I'm jumping ahead of myself a bit here, but this occurred to me just recently due to the cartoons being in heavy rotation and I wanted to post it before I forgot.
So - I drew this little cartoon in early 1984. Before I go on, look it over and try and guess what the point of the goof is. Any ideas?So the insignia on the eagle's wing probably blows the gaff.
The caption is a bit of Eighties Army slang that may be almost forgotten, but it comes from the little spread-eagle at the center of the inverted-teardrop specialist rank insignia. Since a Specialist Fourth Class (a "Speck-Four" in the term of the time) had nothing but the green upside-down teardrop and the eagle, getting promoted to Specialist Fifth Class was "getting an umbrella for the bird".
I'm kind of fascinated by the utter disappearance of the concept of a "specialist" or "technician" from the U.S. Army. It's hard to remember now but the the idea of paying extra to soldiers who had some specialty skills came into the Army way back in the Nineteen Twenties, in other words, almost as soon as technological/industrial warfare was invented. The first "technicians" were all officially privates first class (so even at the start the Army decided that these gomers were NOT sergeant material, regardless of what sort of gee-whiz cool shit they knew how to do) with a technical endorsement. So a technician third class was a "first-third"; a private first class and a technician third.

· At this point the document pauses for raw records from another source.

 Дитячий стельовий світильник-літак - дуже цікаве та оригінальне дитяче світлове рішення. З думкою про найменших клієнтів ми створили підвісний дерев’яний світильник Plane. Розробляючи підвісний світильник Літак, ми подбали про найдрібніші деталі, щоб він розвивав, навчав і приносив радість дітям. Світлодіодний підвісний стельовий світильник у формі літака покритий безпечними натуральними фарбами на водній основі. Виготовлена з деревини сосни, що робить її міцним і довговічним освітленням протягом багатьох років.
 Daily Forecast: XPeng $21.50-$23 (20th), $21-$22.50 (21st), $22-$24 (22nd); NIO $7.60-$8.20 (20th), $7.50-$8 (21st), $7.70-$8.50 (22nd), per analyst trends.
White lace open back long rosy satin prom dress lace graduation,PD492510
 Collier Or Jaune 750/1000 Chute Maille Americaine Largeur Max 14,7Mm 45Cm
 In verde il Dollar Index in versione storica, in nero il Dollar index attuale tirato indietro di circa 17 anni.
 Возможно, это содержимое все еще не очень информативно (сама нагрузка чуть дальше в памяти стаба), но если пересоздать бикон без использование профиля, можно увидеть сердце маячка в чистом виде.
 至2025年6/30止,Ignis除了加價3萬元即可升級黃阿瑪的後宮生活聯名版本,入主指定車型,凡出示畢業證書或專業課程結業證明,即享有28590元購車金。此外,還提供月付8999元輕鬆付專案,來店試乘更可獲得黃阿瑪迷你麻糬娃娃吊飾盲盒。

By WW2 the entire institution of "technicians" was formalized in something like seven classes. The rank of E-5 buck sergeant had a shadow technician rank, Technician Fourth Class - note the insignia below. This guy had the same technician grade as the 1980's E-4 but wore a buck sergeant's stripes above his "T".But, again, he was NOT a "sergeant", although I suspect that in technical outfits like commo and medical units he might well have been referred to as "sarge."
It was in the Fifties that technicians became specialists and my old rank was invented, although at the time it was called a "Specialist Two". There's actually a decent Wiki entry discussing the whole business, if you're interested. There were a pantsload of these specialist grades during the Vietnam years. Pretty much anyone who wasn't a combat arms MOS got a soft-stripe rather than a hard. It really wasn't all that easy to be soft. But I liked the idea, and I'll bet there were others like me back in the day.
Mind you, by the time I got an umbrella for my bird the higher-grade specialists were getting rare. I had a SP-6 as an AIT instructor at Ft. Sam Houston in 1981 and there was a rumor that one of the other company's cadre was actually a SP-7, a beast as rare and wonderful as a unicorn. Not long after I got my umbrella even the E-6 LPN in the battalion aid station was a staff sergeant hard-stripe.
The thing was that what hadn't changed between the technicians of the Twenties and the me of the Eighties was the relationship between the noncommissioned officers and the specialists. An NCO - a "hard stripe" - was considered by the Army and, usually, the soldier him or herself as a leader of soldiers, by God. The specialist was just a nice guy that hung around and got paid like a noncom but didn't do any actual noncomming, a sort of overpromoted private.
And the thing is, I never really objected. It was worth the widely accepted notion that I was an overpaid waste of good oxygen to be able to respond to the First Sergeant when he burst into the dayroom on a Sunday afternoon looking "for a couple of hard-charging NCOs who don't owe me no money for a nice, simple, easy detail" by reminding him that I was NOT an NCO, let along "hard-charging", and was in point of fact a sort of gentleman of leisure, an idle upper-deck passenger on the luxury liner S.S.H.H.C. 1/325th Infantry. This never failed to irritate the piss out of him which had the pleasant side-effect of ticking me no end.
My lovely soft-stripe idyll lasted less than a year.
By 1985 the U.S. Army finished converting all the specialists into hard-stripe NCOs (the higher grades had been shifted over in the early Eighties) and I was informed that the Secretary of the Army would be pleased if I would but on some stripes and get on with earning my money and leading soldiers.And you can see by my expression in the picture above how gracefully I took the news and how delighted about the whole business I was.